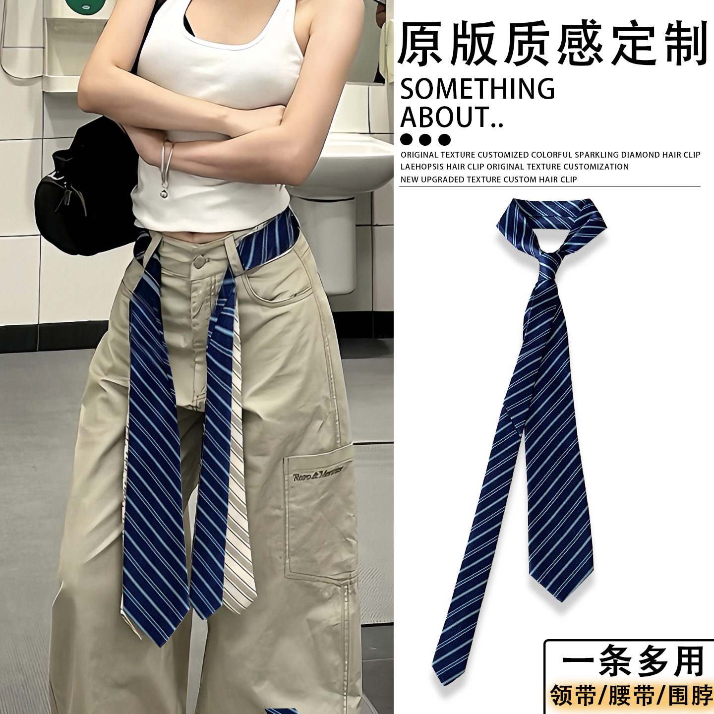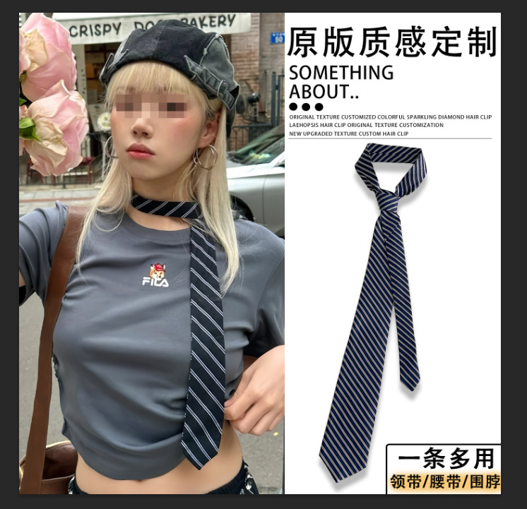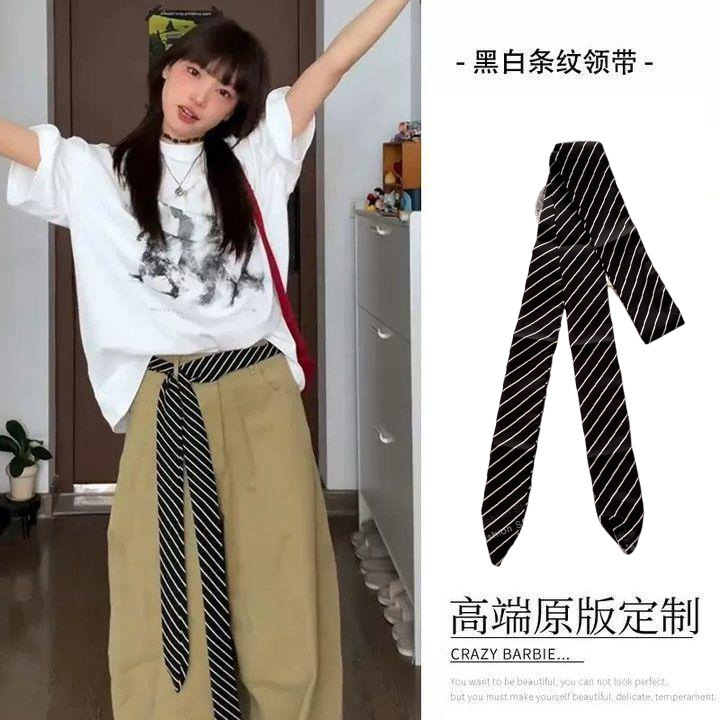 • 핑크 스트라이프 통근 스타일 넥타이 벨트-140cm
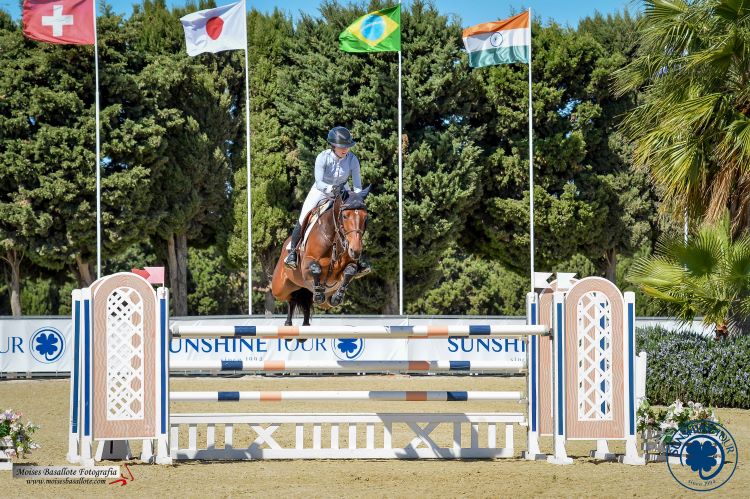 The 4th week of the Autumn Tour started up with the Young Horse classes today. here at Montenmedio. The 7yr old class was won by Kara Chad riding Irinka Lady who is by Etoulon and out of an Eldorado Van de Zeshoek mare, owned by Matt Sampson who was also third in this class. Kara won the class in a very fast time of 35.56sec, over a second faster than Laura Kraut with the lovely Seleste B Z who is owned by VOF HX Horses and is by Spartacus TN from a mare by Chardonnay Z. In third place was Matthew Sampson with the very consistent Jafabalou by Balou du Rouet, dam sire Concorde Keur, owned by Rachael Evison. This pair are no strangers to the podium here at the Tour.
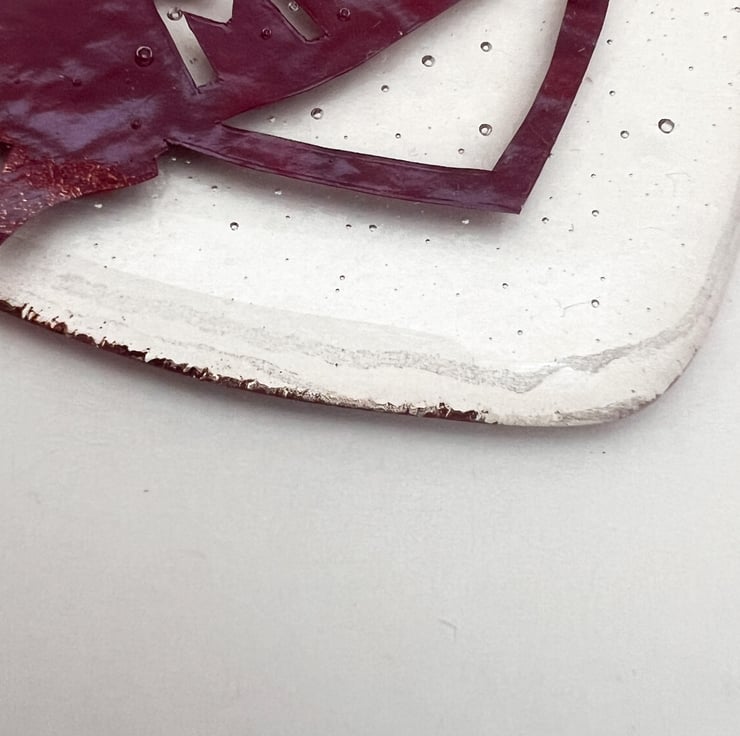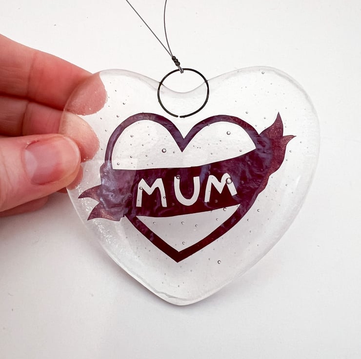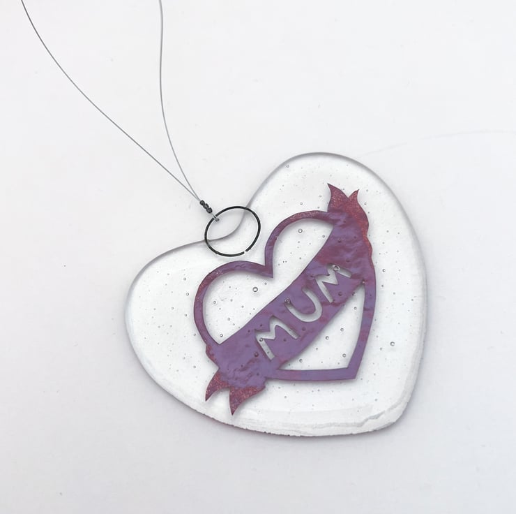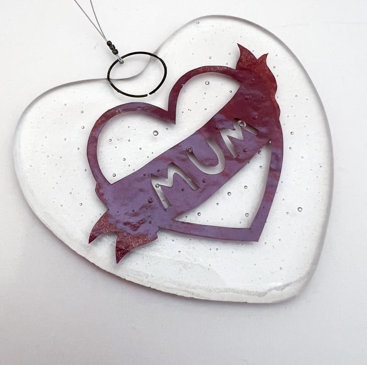 Fused glass hanging suncatcher, in the shape of a heart, with a handcut retro tattoo "Mum" copper foil inclusion inside.
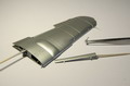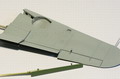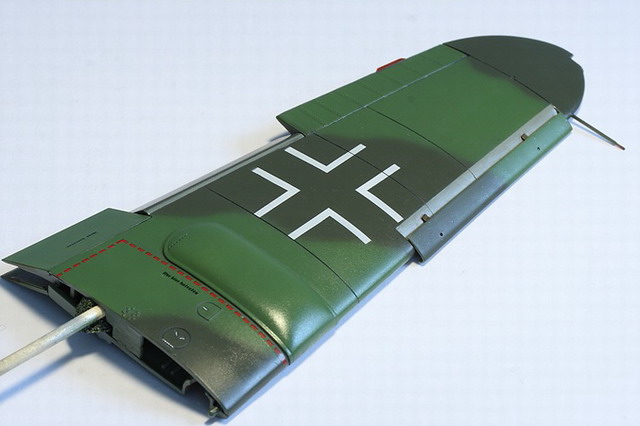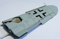 Mit Neugier bin ich an die Fläche gegangen, ist es in Sachen Maßstab eine gänzlich neue Erfahrung gewesen. Die Zusammensetzung war denkbar einfach und hat daher natürlich Spaß gemacht. Geändert wurde eigentlich nur die beim Original nicht vorhandene Kante am Vorflügelspalt, die Durchbrüche im Fahrwerkschacht, der größere Radschacht, der Moronemast so wie das Begrenzungs- und Navigationslicht. Die Lackierung erfolgte wie abgemacht in Alusilber als Grundanstrich und RLM 76/82/81 von Gunze als Tarnanstrich. Nach dem Ankleben der Einzelteile, einer Zwischenschicht Klarlack und dem Aufbringen der Decals wurde noch schnell eine Transportbox gebastelt, um alles sicher versenden zu können.
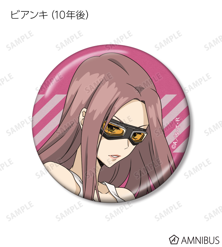 沢田 綱吉、リボーン、獄寺 隼人、ビアンキ(10年後)、山本 武、スペルビ・スクアーロ(10年後)、雲雀 恭弥、ディーノ(10年後)、六道 骸(10年後)、フランをメタリック仕様の缶バッジに仕上げました。
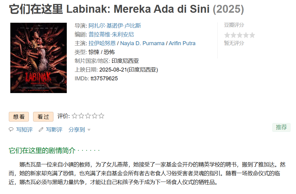 ❤️【新上线印尼惊悚恐怖片】它们在这里【2025】BD1080P [中文字幕] [3.8G]

Work instruction:
When repeating the material above, keep every line exact and drop all pictures.

Reply:
 • 핑크 스트라이프 통근 스타일 넥타이 벨트-140cm
 The 4th week of the Autumn Tour started up with the Young Horse classes today. here at Montenmedio. The 7yr old class was won by Kara Chad riding Irinka Lady who is by Etoulon and out of an Eldorado Van de Zeshoek mare, owned by Matt Sampson who was also third in this class. Kara won the class in a very fast time of 35.56sec, over a second faster than Laura Kraut with the lovely Seleste B Z who is owned by VOF HX Horses and is by Spartacus TN from a mare by Chardonnay Z. In third place was Matthew Sampson with the very consistent Jafabalou by Balou du Rouet, dam sire Concorde Keur, owned by Rachael Evison. This pair are no strangers to the podium here at the Tour.
 Fused glass hanging suncatcher, in the shape of a heart, with a handcut retro tattoo "Mum" copper foil inclusion inside.
 Mit Neugier bin ich an die Fläche gegangen, ist es in Sachen Maßstab eine gänzlich neue Erfahrung gewesen. Die Zusammensetzung war denkbar einfach und hat daher natürlich Spaß gemacht. Geändert wurde eigentlich nur die beim Original nicht vorhandene Kante am Vorflügelspalt, die Durchbrüche im Fahrwerkschacht, der größere Radschacht, der Moronemast so wie das Begrenzungs- und Navigationslicht. Die Lackierung erfolgte wie abgemacht in Alusilber als Grundanstrich und RLM 76/82/81 von Gunze als Tarnanstrich. Nach dem Ankleben der Einzelteile, einer Zwischenschicht Klarlack und dem Aufbringen der Decals wurde noch schnell eine Transportbox gebastelt, um alles sicher versenden zu können.
 沢田 綱吉、リボーン、獄寺 隼人、ビアンキ(10年後)、山本 武、スペルビ・スクアーロ(10年後)、雲雀 恭弥、ディーノ(10年後)、六道 骸(10年後)、フランをメタリック仕様の缶バッジに仕上げました。
 ❤️【新上线印尼惊悚恐怖片】它们在这里【2025】BD1080P [中文字幕] [3.8G]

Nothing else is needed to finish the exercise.